European regulatory requirements, particularly those set by the European Hydrogen Bank, are shaping investment decisions. HydrogenPro is compliant with these regulations, leveraging a supply chain model that integrates key processing steps like electrode production in Aarhus and assembly in Erfurt while still sourcing some key components from China. This ensures that customers qualify for available financial incentives.

However, rising trade barriers and protectionist policies in certain regions could increase costs for European hydrogen projects, potentially slowing adoption. HydrogenPro continues to advocate for efficiency-driven cost reductions rather than restrictive trade measures to accelerate the energy transition.

While market conditions remain fluid, HydrogenPro is well-positioned to navigate challenges, drive innovation, and support the long-term growth of the green hydrogen sector.
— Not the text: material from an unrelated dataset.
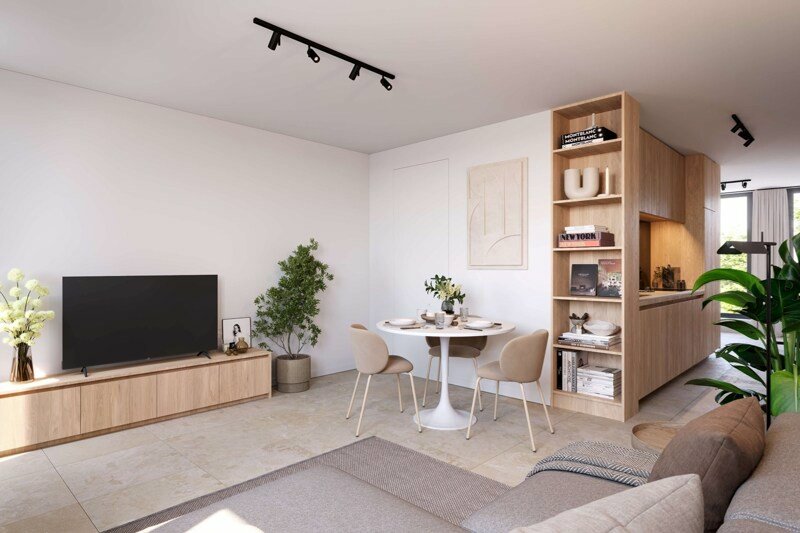 Op de tweede verdieping bevindt zich deze ruime studio met één slaapkamer. Dankzij de praktische indeling geniet u van een aangename ruimte. De plaats waar jonge starters binnenkort terecht kunnen. Hier hebben ze een warm en gezellig nest om zich in alle rust terug te trekken. Al zijn ze nooit alleen, want in de collectieve ruimtes is er altijd wel iemand om een praatje mee te slaan. Dit project biedt een interessante investering. Alle appartementen beschikken over één slaapkamer en zijn ideaal voor jonge starters. * Betaalbaar * Topligging in Kortrijk * Architectuur op hoog niveau * Uitgebreide gemeenschappelijke voorzieningen * Investeren met rendement * (huurrendement & waardestijging)

In our 2023 Annual Integrated Report, several key risks that could impact the Company's business operations and financial performance were identified. As of this quarter, we confirm that these risks remain relevant and continue to be actively monitored and managed. Below is a summary of the primary risks faced by our Company:

Strategy and Business Risk: The hydrogen production market is still developing, with risks from market volatility, client expectations, and regulatory changes. On 27 September 2024, the European Hydrogen Bank introduced new regulations limiting projects to sourcing no more than 25% of electrolyzer stacks from China. Following further clarification, HydrogenPro will remain compliant with minor supply chain adjustments and continue assembly operations in Germany with our partner. However, these requirements are expected to increase costs for European projects, which poses a risk to business by potentially delaying new developments in the region.

Operational Risk: The Company is exposed to potential disruptions in its supply chain, especially given its reliance on suppliers in China.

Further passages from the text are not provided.